_ENTRIES SUPPLIED:_

* * * * * * * * *

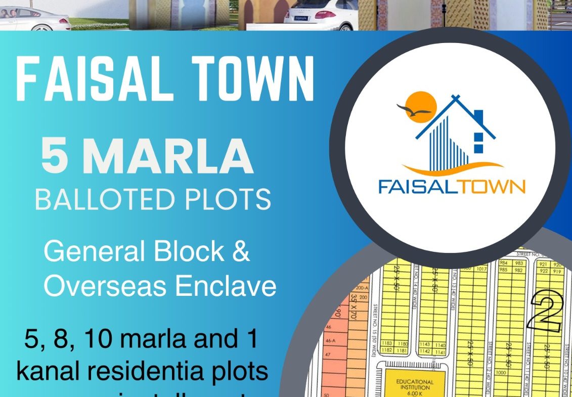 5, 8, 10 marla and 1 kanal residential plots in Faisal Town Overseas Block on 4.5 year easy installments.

* * * * * * * * *

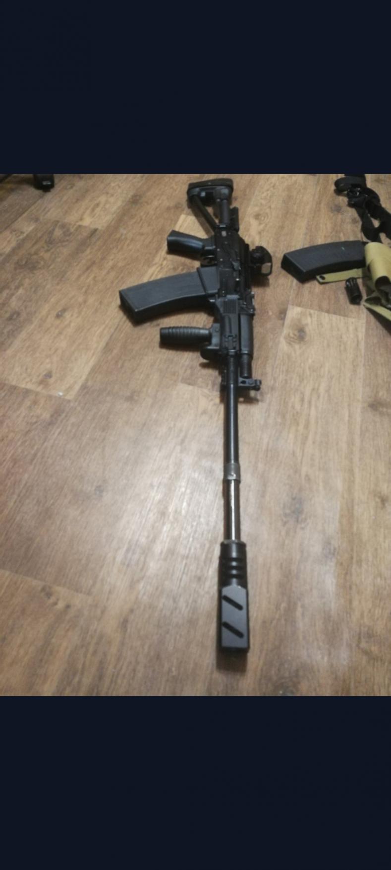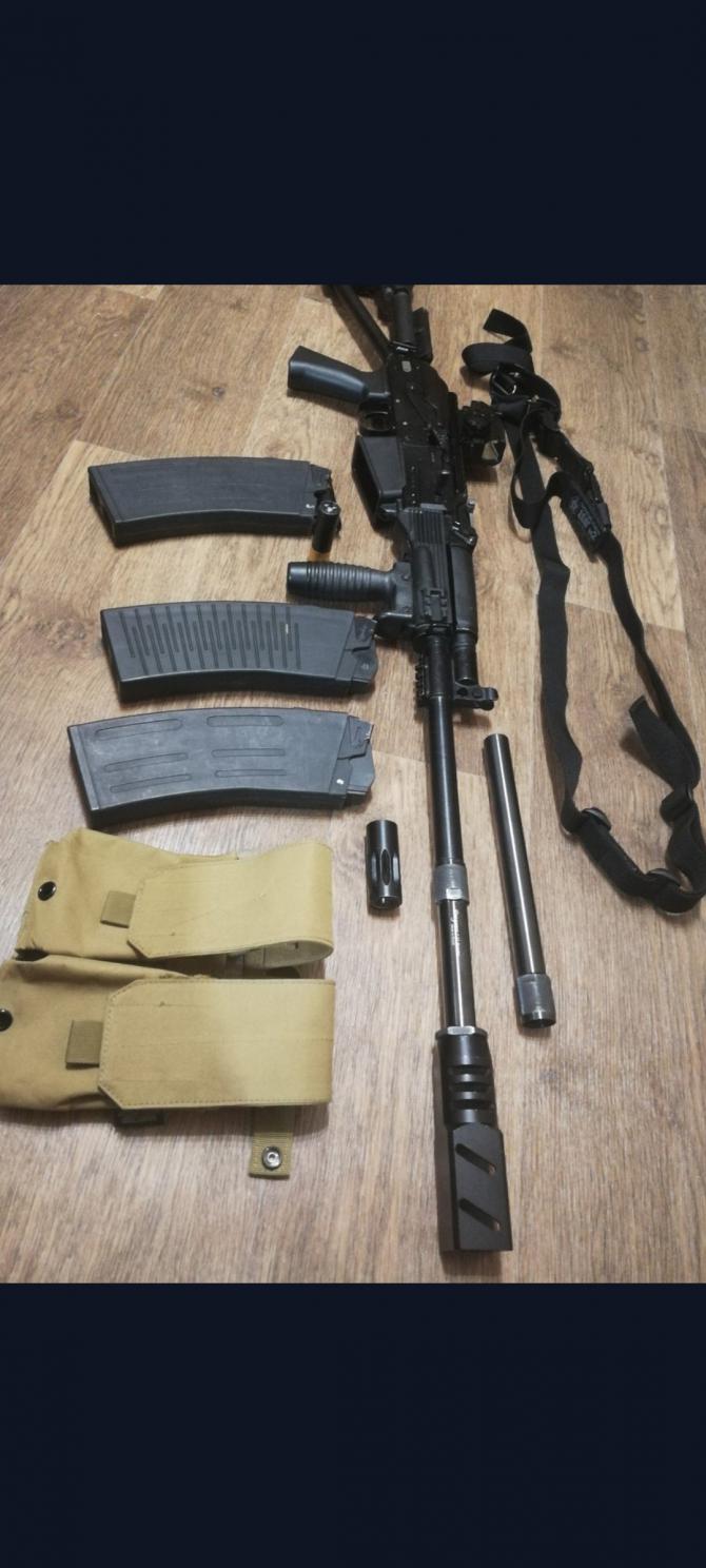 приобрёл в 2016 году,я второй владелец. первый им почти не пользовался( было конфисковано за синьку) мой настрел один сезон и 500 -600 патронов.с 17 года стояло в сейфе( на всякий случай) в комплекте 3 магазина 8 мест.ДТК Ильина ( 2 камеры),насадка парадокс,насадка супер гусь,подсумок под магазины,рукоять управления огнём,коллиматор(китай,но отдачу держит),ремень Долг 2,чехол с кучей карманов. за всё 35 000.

* * * * * * * * *

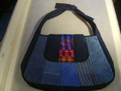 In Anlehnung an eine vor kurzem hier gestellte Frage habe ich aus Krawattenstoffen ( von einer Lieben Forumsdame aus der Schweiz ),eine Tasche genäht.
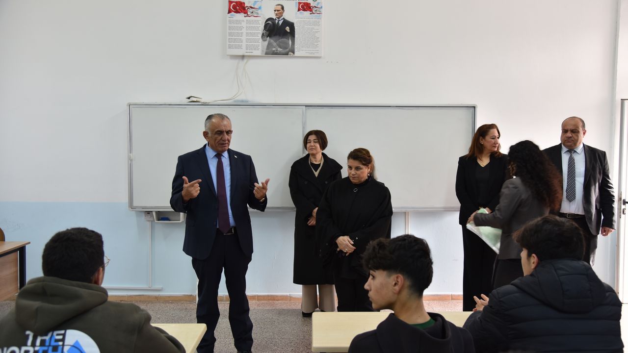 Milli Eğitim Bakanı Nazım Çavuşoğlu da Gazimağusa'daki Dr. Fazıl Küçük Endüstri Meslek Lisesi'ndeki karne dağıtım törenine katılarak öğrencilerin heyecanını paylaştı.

* * * * * * * * *

Repeat exactly the stretch of the listing above that starts with the line holding "In Anlehnung an" and finishes with the line holding "Milli Eğitim Bakanı", both included. Skip every picture.

 In Anlehnung an eine vor kurzem hier gestellte Frage habe ich aus Krawattenstoffen ( von einer Lieben Forumsdame aus der Schweiz ),eine Tasche genäht.
 Milli Eğitim Bakanı Nazım Çavuşoğlu da Gazimağusa'daki Dr. Fazıl Küçük Endüstri Meslek Lisesi'ndeki karne dağıtım törenine katılarak öğrencilerin heyecanını paylaştı.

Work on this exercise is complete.